__Task goal__:
For the data that follows, print the line with "Двуспальная кровать в гостиничном номере", the line with "A trio of small, blunt-edged", and all lines between them, exactly as they stand. Omit pictures and add nothing.

__Source data__:
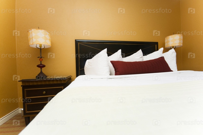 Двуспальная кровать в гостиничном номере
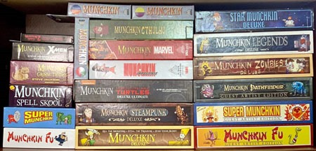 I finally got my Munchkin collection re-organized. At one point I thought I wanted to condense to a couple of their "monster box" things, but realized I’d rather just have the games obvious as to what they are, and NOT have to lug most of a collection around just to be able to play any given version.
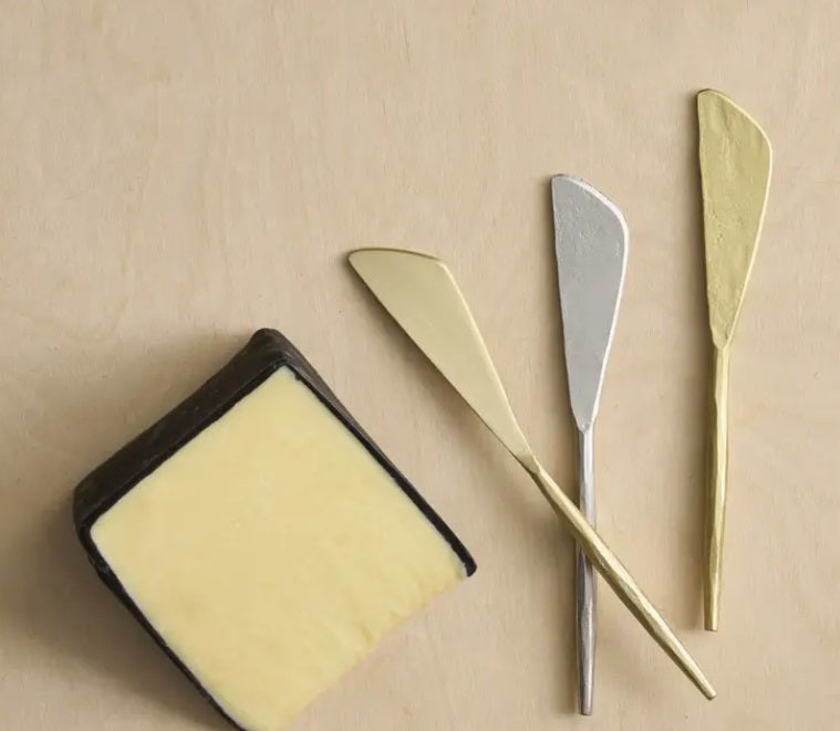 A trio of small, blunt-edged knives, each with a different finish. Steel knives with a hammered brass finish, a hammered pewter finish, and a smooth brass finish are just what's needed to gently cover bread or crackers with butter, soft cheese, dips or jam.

--

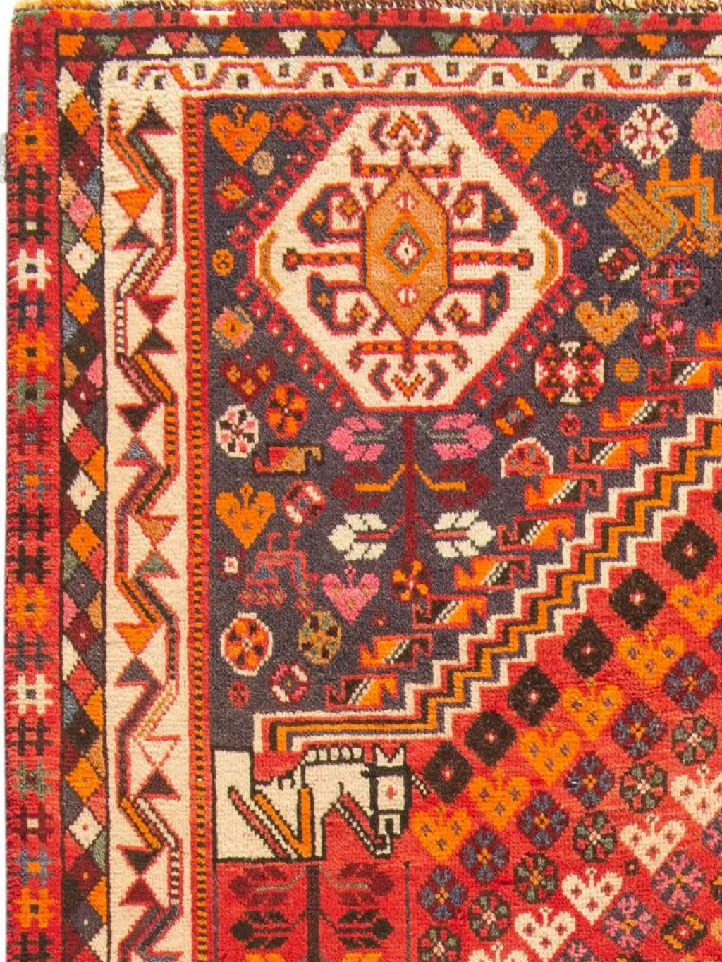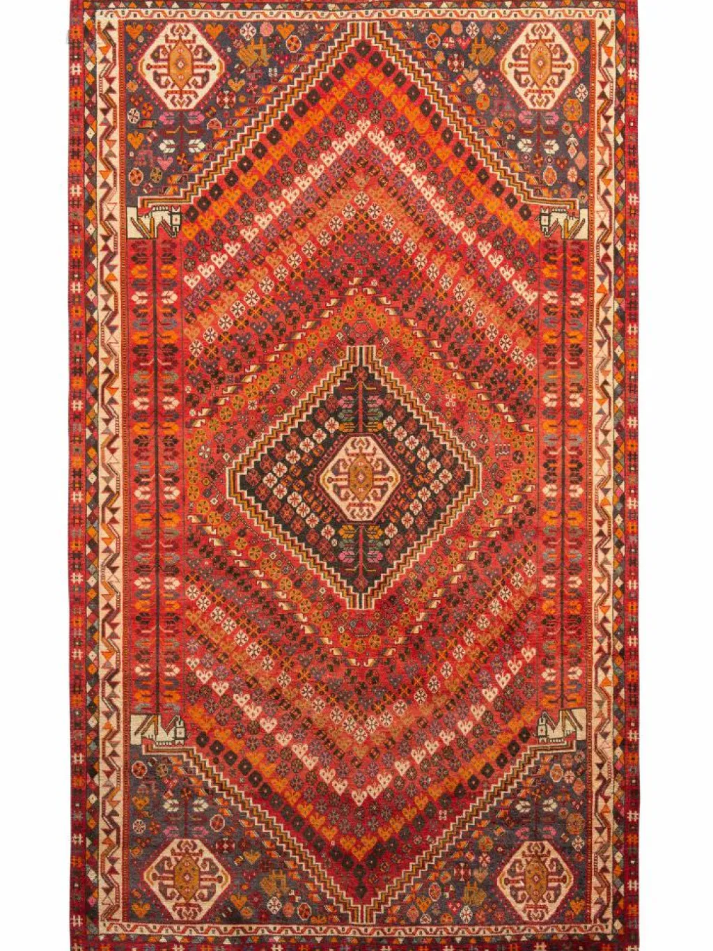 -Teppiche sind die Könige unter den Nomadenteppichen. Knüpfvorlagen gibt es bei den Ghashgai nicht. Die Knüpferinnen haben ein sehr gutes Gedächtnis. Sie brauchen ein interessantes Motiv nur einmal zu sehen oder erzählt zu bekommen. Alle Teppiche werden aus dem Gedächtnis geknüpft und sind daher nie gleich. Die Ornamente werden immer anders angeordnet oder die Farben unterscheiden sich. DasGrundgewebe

...

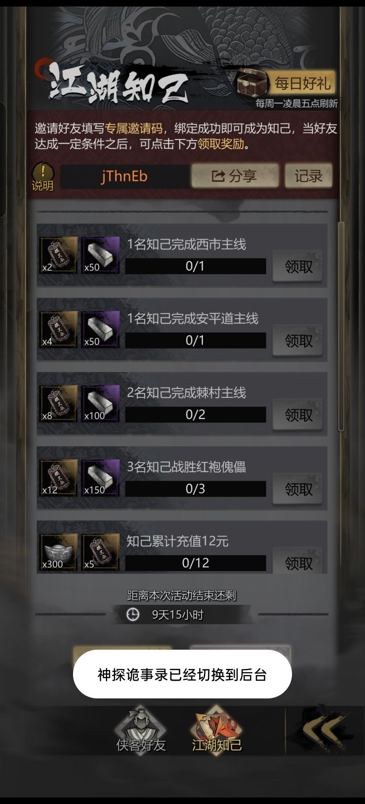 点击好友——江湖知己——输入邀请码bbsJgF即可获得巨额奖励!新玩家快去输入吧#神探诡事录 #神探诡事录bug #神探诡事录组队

__Reply to the task__:
 Двуспальная кровать в гостиничном номере
 I finally got my Munchkin collection re-organized. At one point I thought I wanted to condense to a couple of their "monster box" things, but realized I’d rather just have the games obvious as to what they are, and NOT have to lug most of a collection around just to be able to play any given version.
 A trio of small, blunt-edged knives, each with a different finish. Steel knives with a hammered brass finish, a hammered pewter finish, and a smooth brass finish are just what's needed to gently cover bread or crackers with butter, soft cheese, dips or jam.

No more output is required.